Assume /tmp/a.txt contains garbage, such as: "&&&&&"

With this code:

    with open("/tmp/a.txt", "r") as fp:
        msg = email.parser.Parser().parse(fp) # does not throw exception
        print(msg) # => &&&&&
        msg['from'] # => None

It is just you can not get useful information, such as msg['to'].
msg219469 - (view) Author: R. David Murray (r.david.murray) * (Python committer) Date: 2014-05-31 19:08
Right, part of the parser contract is to not throw exceptions.  Traditionally, a bug could result in an exception, but not an invalid message.

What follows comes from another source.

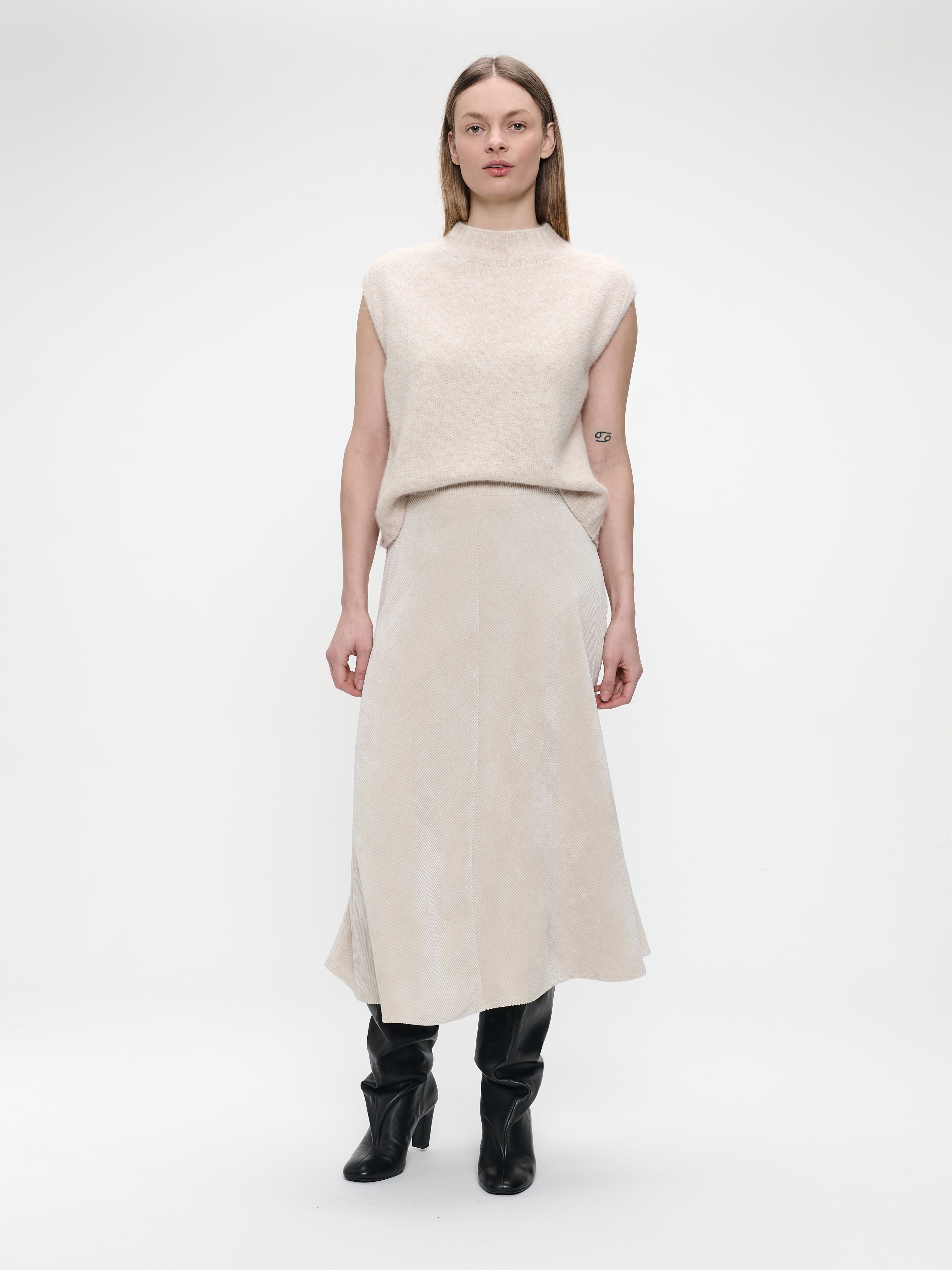 Alpaca Vest H24179 is het perfecte laagjesstuk voor overgangsweer. Gemaakt van een luxueuze alpacamix, biedt dit mouwloze breisel zowel zachtheid als structuur. De hoge halslijn en relaxte pasvorm maken het ideaal over shirts, jurken of lichtgewicht tops voor een verfijnde en comfortabele uitstraling.

However, using the new email policies, it is possible to *request* that it raise exceptions instead of registering defects.  See policy.raise_on_defect.
msg219471 - (view) Author: Serhiy Storchaka (serhiy.storchaka) * (Python committer) Date: 2014-05-31 19:15
If the parser itself doesn't raise exceptions, we should test with input stream raising an exception.
msg219489 - (view) Author: Vajrasky Kok (vajrasky) * Date: 2014-06-01 06:12
Ok, here is the updated patch based on R. David Murray's help. Thanks!
msg219841 - (view) Author: R. David Murray (r.david.murray) * (Python committer) Date: 2014-06-05 20:09
I believe there are msg_NN files that have defects.  I'd rather use one of those in the exception test.
msg220038 - (view) Author: Vajrasky Kok (vajrasky) * Date: 2014-06-08 16:17
Here is the patch based on R. David Murray's nitpick.
msg221623 - (view) Author: Roundup Robot (python-dev) (Python triager) Date: 2014-06-26 17:33
New changeset 0a16756dfcc0 by R David Murray in branch '3.4':
#21476: Unwrap fp in BytesParser so the file isn't unexpectedly closed.

New changeset a3ee325fd489 by R David Murray in branch 'default':
Merge #21476: Unwrap fp in BytesParser so the file isn't unexpectedly closed.
msg221624 - (view) Author: R. David Murray (r.david.murray) * (Python committer) Date: 2014-06-26 17:34
Thanks, Vajrasky.  And to the reviewers as well.